Provided entries:
┏━━

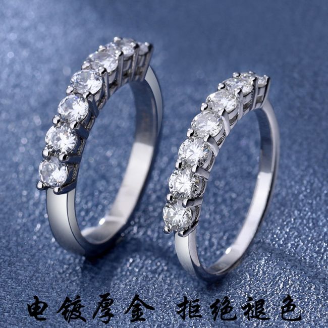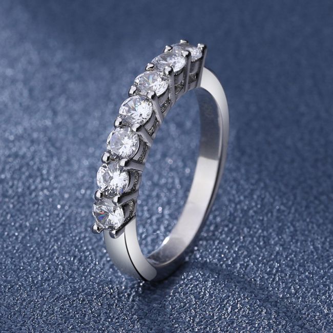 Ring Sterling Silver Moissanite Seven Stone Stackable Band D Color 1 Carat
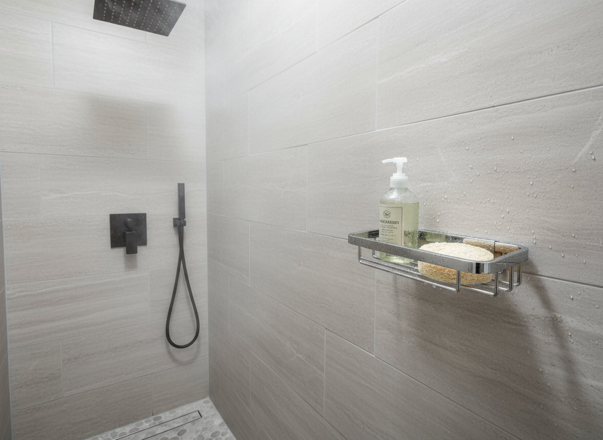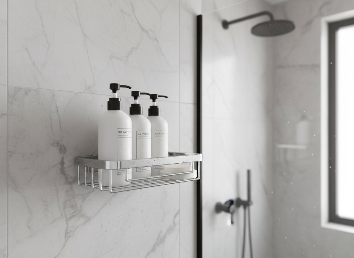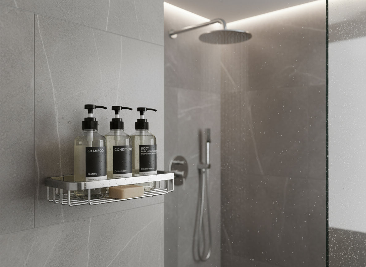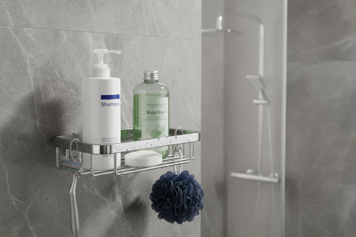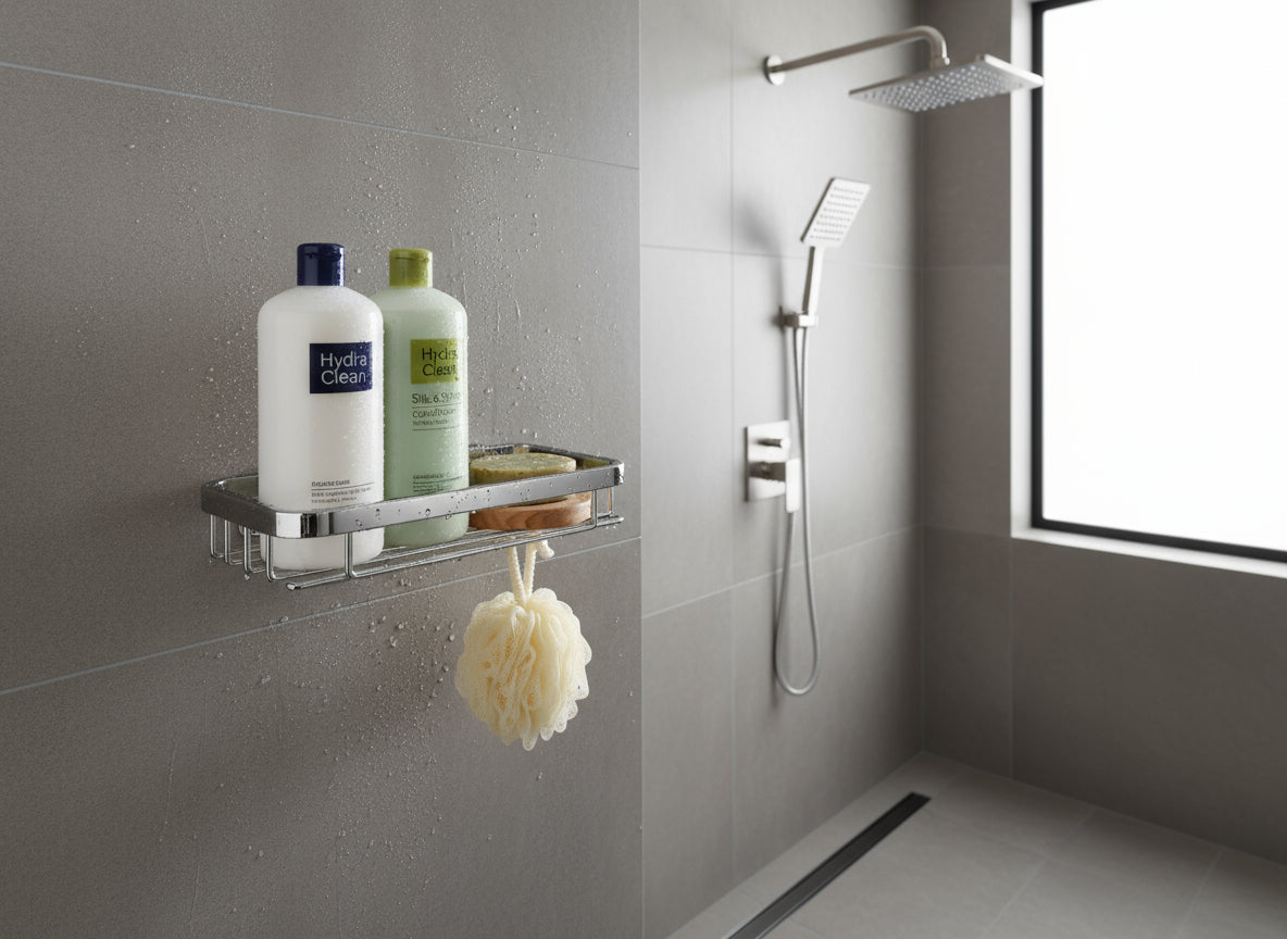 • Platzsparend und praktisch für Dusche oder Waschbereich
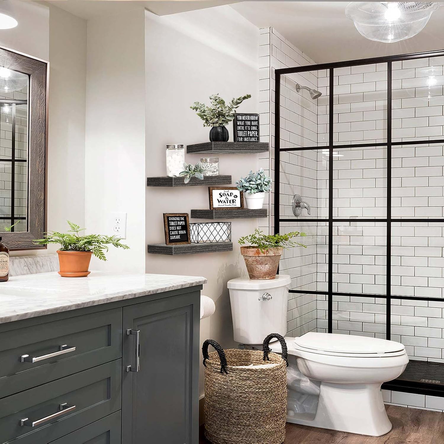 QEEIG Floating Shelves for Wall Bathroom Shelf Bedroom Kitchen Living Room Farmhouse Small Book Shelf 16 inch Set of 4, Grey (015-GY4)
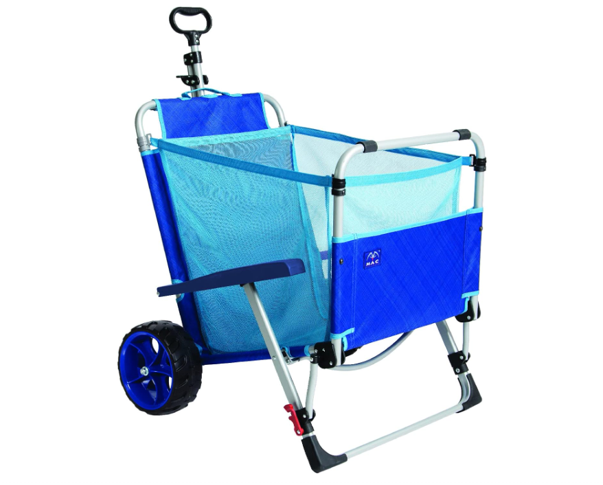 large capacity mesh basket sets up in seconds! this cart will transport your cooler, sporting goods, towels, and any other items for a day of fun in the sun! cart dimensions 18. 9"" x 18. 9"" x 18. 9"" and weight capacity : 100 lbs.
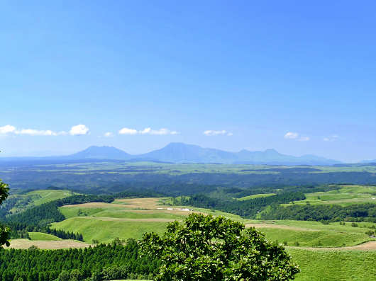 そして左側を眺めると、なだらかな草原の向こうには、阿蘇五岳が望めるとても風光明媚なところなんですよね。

┗━━
┏━━

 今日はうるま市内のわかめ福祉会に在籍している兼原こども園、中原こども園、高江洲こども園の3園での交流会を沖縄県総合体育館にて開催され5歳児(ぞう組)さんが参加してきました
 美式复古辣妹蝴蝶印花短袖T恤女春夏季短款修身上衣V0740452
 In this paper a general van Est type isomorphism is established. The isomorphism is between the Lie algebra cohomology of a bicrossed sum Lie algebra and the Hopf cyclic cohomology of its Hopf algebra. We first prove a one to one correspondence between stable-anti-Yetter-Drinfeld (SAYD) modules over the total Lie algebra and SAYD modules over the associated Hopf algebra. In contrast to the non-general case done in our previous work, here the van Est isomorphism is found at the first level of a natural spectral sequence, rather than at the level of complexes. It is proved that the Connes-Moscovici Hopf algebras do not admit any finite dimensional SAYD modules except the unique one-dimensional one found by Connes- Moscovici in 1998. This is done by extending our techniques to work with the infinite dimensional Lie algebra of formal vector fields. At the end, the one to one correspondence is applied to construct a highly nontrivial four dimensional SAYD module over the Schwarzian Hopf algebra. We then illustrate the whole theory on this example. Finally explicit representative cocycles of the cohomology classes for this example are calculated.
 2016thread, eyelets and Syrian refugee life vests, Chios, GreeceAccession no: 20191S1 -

┗━━
┏━━

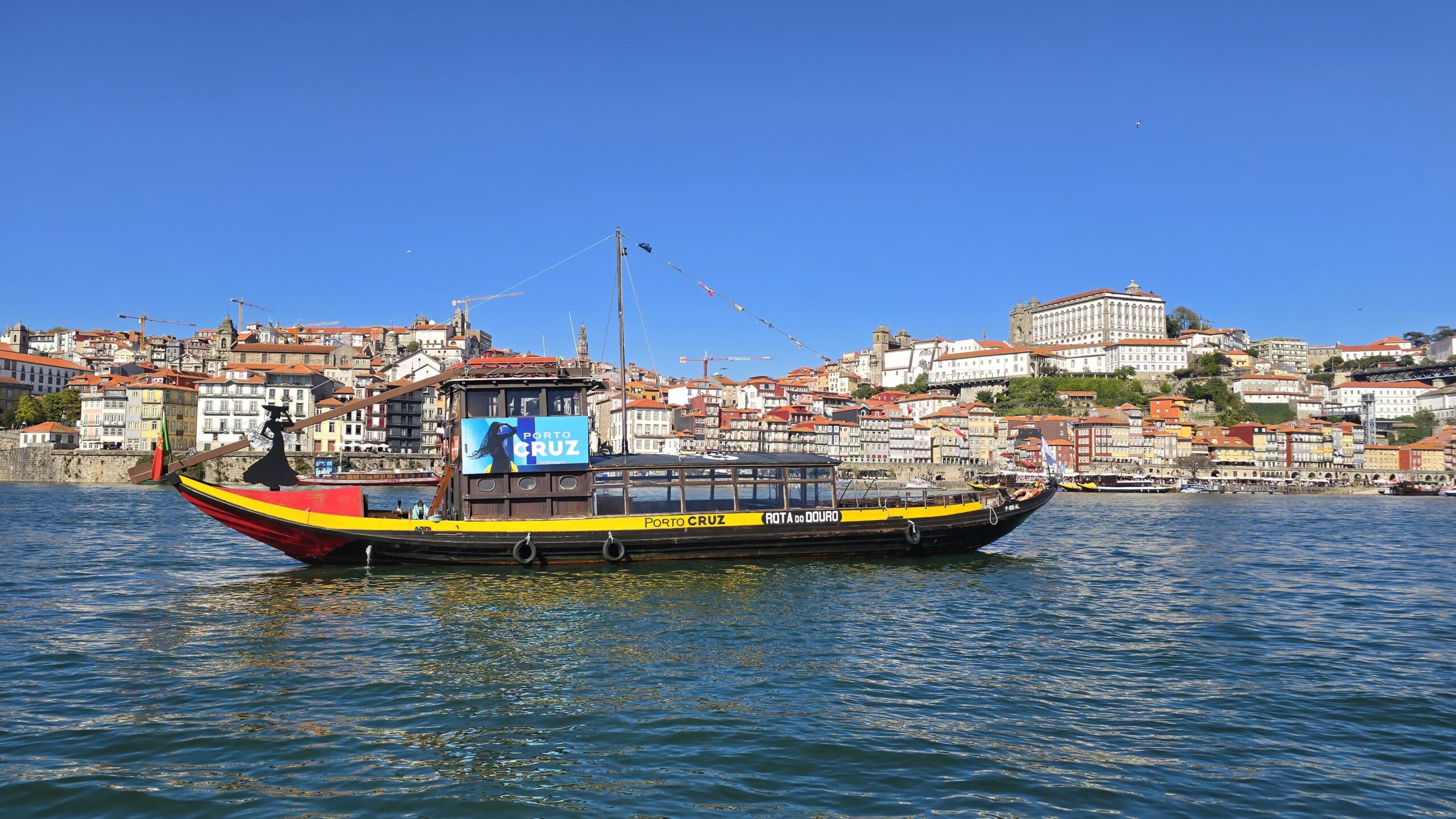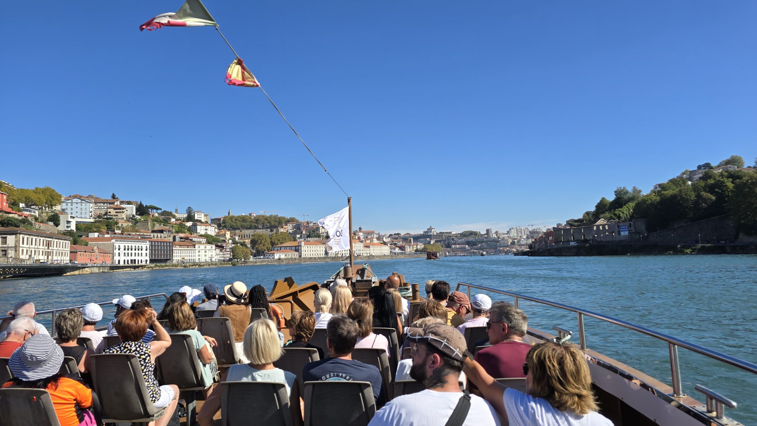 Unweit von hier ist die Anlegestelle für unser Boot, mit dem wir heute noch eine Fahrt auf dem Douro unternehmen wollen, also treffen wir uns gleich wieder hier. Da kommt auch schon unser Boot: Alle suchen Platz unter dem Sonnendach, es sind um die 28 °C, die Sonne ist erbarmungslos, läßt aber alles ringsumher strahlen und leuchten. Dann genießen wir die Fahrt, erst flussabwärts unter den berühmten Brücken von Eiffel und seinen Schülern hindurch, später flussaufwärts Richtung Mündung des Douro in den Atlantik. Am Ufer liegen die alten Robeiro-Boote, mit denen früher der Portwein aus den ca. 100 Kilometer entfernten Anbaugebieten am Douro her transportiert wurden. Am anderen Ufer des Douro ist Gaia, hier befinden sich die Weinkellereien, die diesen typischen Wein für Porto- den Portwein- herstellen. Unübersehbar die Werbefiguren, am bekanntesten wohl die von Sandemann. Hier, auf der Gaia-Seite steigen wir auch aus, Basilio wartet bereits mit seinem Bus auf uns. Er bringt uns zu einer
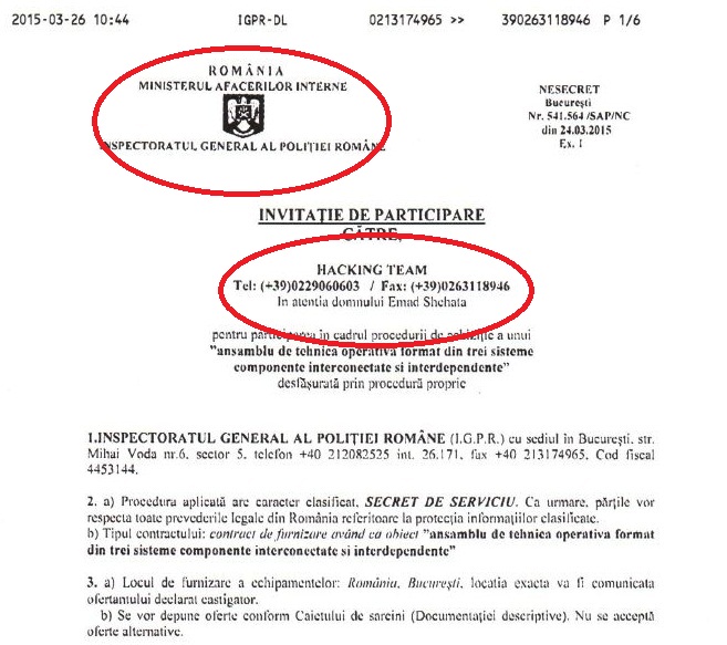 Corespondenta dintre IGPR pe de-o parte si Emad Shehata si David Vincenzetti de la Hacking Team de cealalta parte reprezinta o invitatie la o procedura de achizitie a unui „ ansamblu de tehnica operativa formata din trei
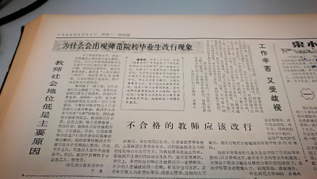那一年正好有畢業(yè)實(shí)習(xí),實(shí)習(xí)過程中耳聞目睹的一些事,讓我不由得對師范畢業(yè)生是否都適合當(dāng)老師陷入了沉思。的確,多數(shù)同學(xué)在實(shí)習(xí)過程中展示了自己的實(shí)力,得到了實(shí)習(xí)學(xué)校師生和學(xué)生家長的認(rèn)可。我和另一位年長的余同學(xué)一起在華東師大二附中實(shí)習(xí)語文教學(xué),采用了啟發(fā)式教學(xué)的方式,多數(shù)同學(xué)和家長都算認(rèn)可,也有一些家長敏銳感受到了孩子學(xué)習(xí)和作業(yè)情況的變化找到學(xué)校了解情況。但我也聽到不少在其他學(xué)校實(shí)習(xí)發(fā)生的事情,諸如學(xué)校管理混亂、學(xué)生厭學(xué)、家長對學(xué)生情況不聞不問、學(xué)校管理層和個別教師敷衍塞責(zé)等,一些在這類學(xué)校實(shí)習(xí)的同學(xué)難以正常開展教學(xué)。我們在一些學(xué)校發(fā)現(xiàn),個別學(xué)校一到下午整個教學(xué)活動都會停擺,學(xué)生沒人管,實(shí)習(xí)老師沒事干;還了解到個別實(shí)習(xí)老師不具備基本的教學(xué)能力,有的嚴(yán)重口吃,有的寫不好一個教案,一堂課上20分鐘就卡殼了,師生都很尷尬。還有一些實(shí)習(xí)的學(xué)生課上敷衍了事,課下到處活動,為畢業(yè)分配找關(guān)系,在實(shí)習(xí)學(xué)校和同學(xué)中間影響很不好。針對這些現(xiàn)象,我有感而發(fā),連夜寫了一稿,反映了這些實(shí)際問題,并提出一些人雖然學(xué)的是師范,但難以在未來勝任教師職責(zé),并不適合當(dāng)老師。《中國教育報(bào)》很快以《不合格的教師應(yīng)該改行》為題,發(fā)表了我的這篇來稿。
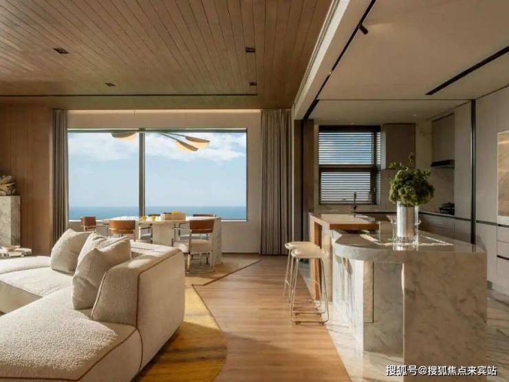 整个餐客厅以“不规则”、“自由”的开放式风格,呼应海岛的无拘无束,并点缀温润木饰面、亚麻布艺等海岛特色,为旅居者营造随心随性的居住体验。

┗━━

Action item: In the listing above, locate the line with "今日はうるま市内のわかめ福祉" and the line with "美式复古辣妹蝴蝶印花短袖T恤女春夏季短款修身上衣V0740452", then extract exactly those lines and every line between them, and nothing more.

Exercise answer:
 今日はうるま市内のわかめ福祉会に在籍している兼原こども園、中原こども園、高江洲こども園の3園での交流会を沖縄県総合体育館にて開催され5歳児(ぞう組)さんが参加してきました
 美式复古辣妹蝴蝶印花短袖T恤女春夏季短款修身上衣V0740452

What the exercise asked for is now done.